Premier Foods has praised its Mr Kipling relaunch as “delivering encouraging share gains” as it revealed an underlying sales decline of 4.7% in the third quarter. 

Branded sales have also fallen by 4.1% and power brands were down by 5.1%, although they showed an improving trend towards the end of the quarter. Support brands, including Homepride and Cadbury cake, “performed well”.

The company said gross margins remained solid following a move away from loss-making promotions, while return on investment from other promotional activity was higher than last year.

During the quarter to 30 September 2014, the Mr Kipling brand underwent a major relaunch, including an extensive advertising campaign, new packaging, targeted social media and in-store marketing initiatives.

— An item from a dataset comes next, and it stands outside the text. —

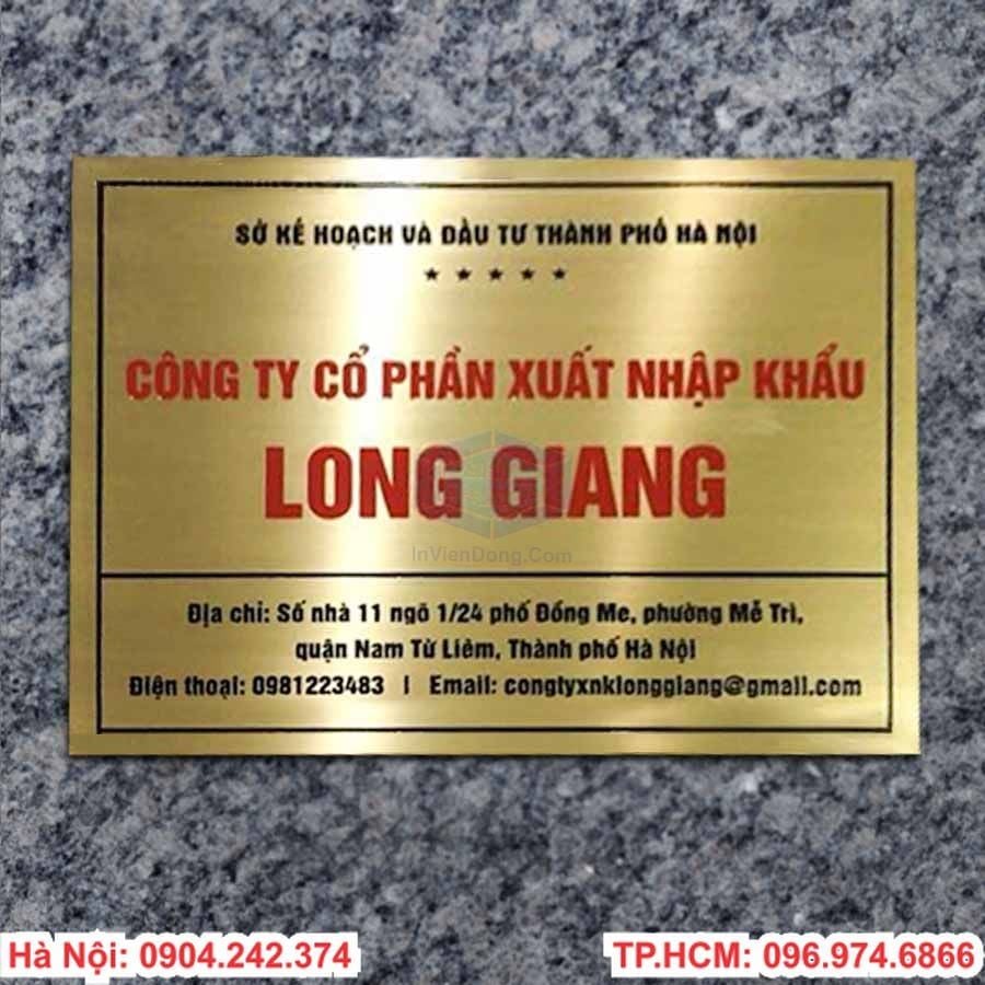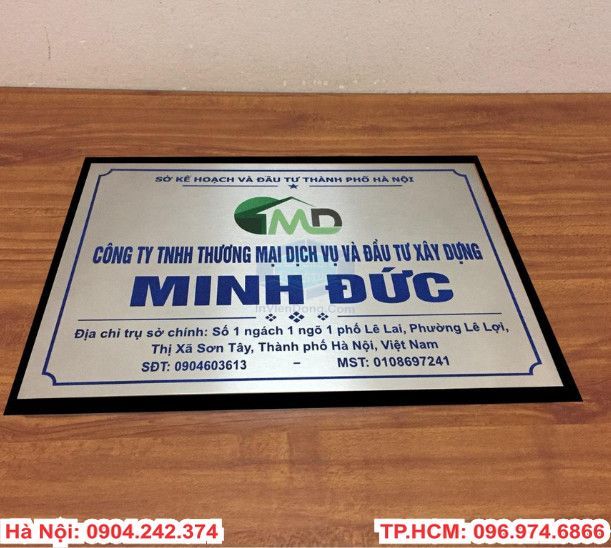 Nếu bạn băn khoăn có thể đặt mua biển hiệu công ty ở đâu, hãy đến với Công Ty Viễn Đông. Tại đây, biển hiệu công ty được chúng tôi sử dụng nhiều chất liệu như inox, hợp kim,...để tạo thành đảm mang lại sự sang trọng, đẳng cấp nhưng vẫn bề bỉ khộng bị ăn mòn hay ỗ hóa theo thời gian. Với công ngệ hiện đại bậc nhất đảm bảo sản phẩm được in khắc sắc nét, tinh tế nhưng vẫn đảm bảo được giá thành rẻ nhất trên thị trường do in trực tiếp tại xưởng không qua trung gian, đảm baaor một cách tối đa quyền lợi cho khách hàng.

As a result, Mr Kipling’s sales grew in the quarter and achieved market share gains.

However, trading profit projections for the 12 months to December 2014 are “towards the lower end of market expectations” said the company.

Gavin Darby, chief executive of Premier Foods, said: “Market conditions in the third quarter have proved to be increasingly demanding with unprecedented structural changes across the industry gathering pace. In response to this changing environment, we have put in place a new business unit structure with new leaders to reinforce our category-based strategy and improve our agility, focus and accountability.

“The initial response to the relaunch of our biggest brand, Mr Kipling, has been encouraging and we are implementing a strong programme of new product introductions and consumer marketing in the fourth quarter of the year to coincide with the important Christmas trading period.

"We continue to invest in our brands and strengthen our customer partnerships, while retaining a tight focus on managing costs, the delivery of trading profit and organic de-leveraging. I believe this balanced approach is central to creating value.”